| HN Mirror

Y	Hacker News new \| ask \| show \| jobs


	by delichon 32 days ago
	Steering seems like a circumventable kludge compared to adjusting the training data directly. That is, use AI to remove the problematic content and replace it with the party line. I imagine that this is at least in progress.

4 comments

s314 32 days ago

> Steering seems like a circumventable kludge compared to adjusting the training data directly

Correct. Steering is used in mechanistic interpretability studies to prove that your model is correct. There are other better ways to "decensor".

link

gpm 32 days ago

That seems like it will work for single events, but that it would be very hard for complex topics which are closely intertwined with factual things you do want it to be able to answer...

Is Taiwan part of China - the CPP wants the answer to be yes.

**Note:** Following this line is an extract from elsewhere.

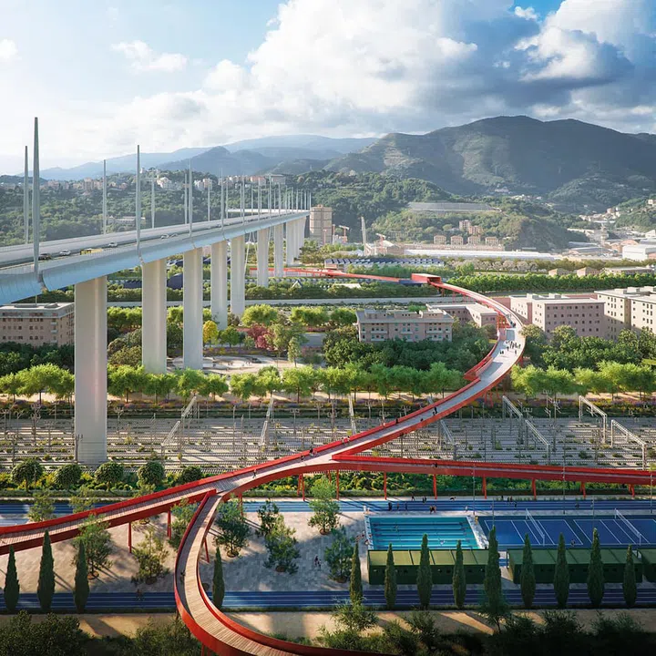 An aerial view of Polcevera Park and the Red Circle, a winning proposal for a sustainable regeneration master plan in Genoa, Italy, that was co-created by Stefano Boeri Architetti, Metrogramma Milano and Inside Outside of Amsterdam.

What are the rules for traveling to Taiwan? What currency is used in Taiwan? Whose laws are enforced in Taiwan? Should I (a loyal Chinese citizen) support the Taiwanese military? Etc... require the model to manage some cognitive dissonance.

link

stogot 32 days ago

Can you actually remove now? they just use new training data to reinforce what they want and deprioritize ‘bad’ answers

link

like_any_other 32 days ago

Fortunately we have lots of governmental and non-governmental organizations focused on removing "hate" online, so that our AI models will think correctly, without easy to identify censorship parts in the resulting model :)

link